Install the lifelines package to import the dataset

```
pip install lifelines
```
Import the datasets from the lifelines package along with ___cenroc___ package

```
import lifelines.datasets as data
from cenroc import cenROC

df_test = data.load_panel_test()

cenROC_test1 = cenROC(Y=df_test['t'], M=df_test['var2'], censor=df_test['E'],
                     t=3, U=None, h=None, bw='NR', method="tra",
                     ktype="normal", ktype1="normal", B=3, alpha=0.05)

print(cenROC_test1.ROC())
```
Output

```
0.110795
0.180722
0.212862
0.235690
0.253942
0.269407
0.282974
0.295154
0.306269
0.316538
0.326117
...
```

```
cenROC_test2 = cenROC(Y=df_test['t'], M=df_test['var1'], censor=df_test['E'],
                                    t=2, U=None, h=None, bw=0.1, method="untra",
                                    ktype="epanechnikov", ktype1="normal", B=2, alpha=0.05)

print(cenROC_test2.AUC())
```

Output

```
0.6742424242424243
```

Due to the stochastic nature of bootstraping the graphs will be different each time.
We can set seed to produce the same result for demonstartion purposes.

```
import numpy as np
np.random.seed(3)
cenROC_test1.plot()

```

Output

!![output_example](https://user-images.githubusercontent.com/48184866/183537148-d11d7333-47ca-4d1e-a1af-a55ef1e85a97.png)


## Contributing

Please read [CONTRIBUTING.md](https://gist.github.com/PurpleBooth/b24679402957c63ec426) for details on our code of conduct, and the process for submitting pull requests to us.

## Versioning

We use [SemVer](http://semver.org/) for versioning. For the versions available, see the [tags on this repository](https://github.com/your/project/tags). 

## Authors

This package was developed by **plaindata.ai** 

* **Yury Moskaltsov** - *Initial programming and package building* - [YuryMoskaltsov](https://github.com/YuryMoskaltsov)
* **Miguel Pereira** - *Mathematical analysis and implementation, project oversight* - [miguelmspereira](https://github.com/miguelmspereira)

## License

This project is licensed under the MIT License - see the [LICENSE.md](LICENSE.md) file for details

## Acknowledgments

* Kassu Mehari Beyene, Catholic University of Louvain. <kasu.beyene@uclouvain.be> - author of the cenROC R Package
* Anouar El Ghouch, Catholic University of Louvain. <anouar.elghouch@uclouvain.be> - author of the cenROC R Package

## References

* Beyene KM, El Ghouch A. Time-dependent ROC curve estimation for interval-censored data.
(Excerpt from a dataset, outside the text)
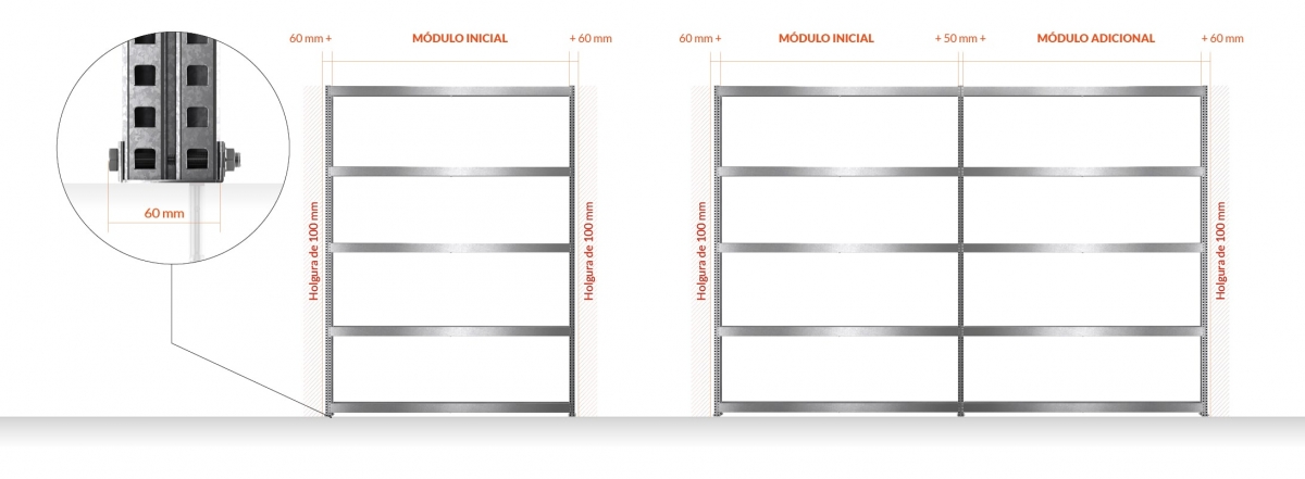 Módulo inicial: é composto de 4 escoras verticais e do número pretendido de prateleiras. Pode ser instalado de forma independente, sem necessidade de união a outro módulo. São sempre o ponto de partida de um linear de estantes.

Biom J. 2022 May 6. doi: 10.1002/bimj.202000382. PMID: 35523738.
* cenROC R package: . FYI the package is no longer on CRAN (according to the repo: *Archived on 2022-04-25 as email to the maintainer was undeliverable.*). The archived versions can be downloaded here: https://cran.r-project.org/src/contrib/Archive/cenROC/

## Improvements to be made/Planned additional features

* There is a slight discrepancy in the optimal cutpoint metric based on the Youden index obtained here and the one obtained using the cenROC package in R. This is due to a discrepancy in the interpolation functions scipy.interpolate.interp1d() in Python and approx() in R. This should be tested more thoroughly to achieve identical results. The other metrics were compared with the R output and there are no differences.
* Add a function that calculates the optimal cutpoint for a continuous variables based on the log-rank test (akin to the survminer::survcutpoint function that exists in R).
* Let us know of other functions that would be useful additions.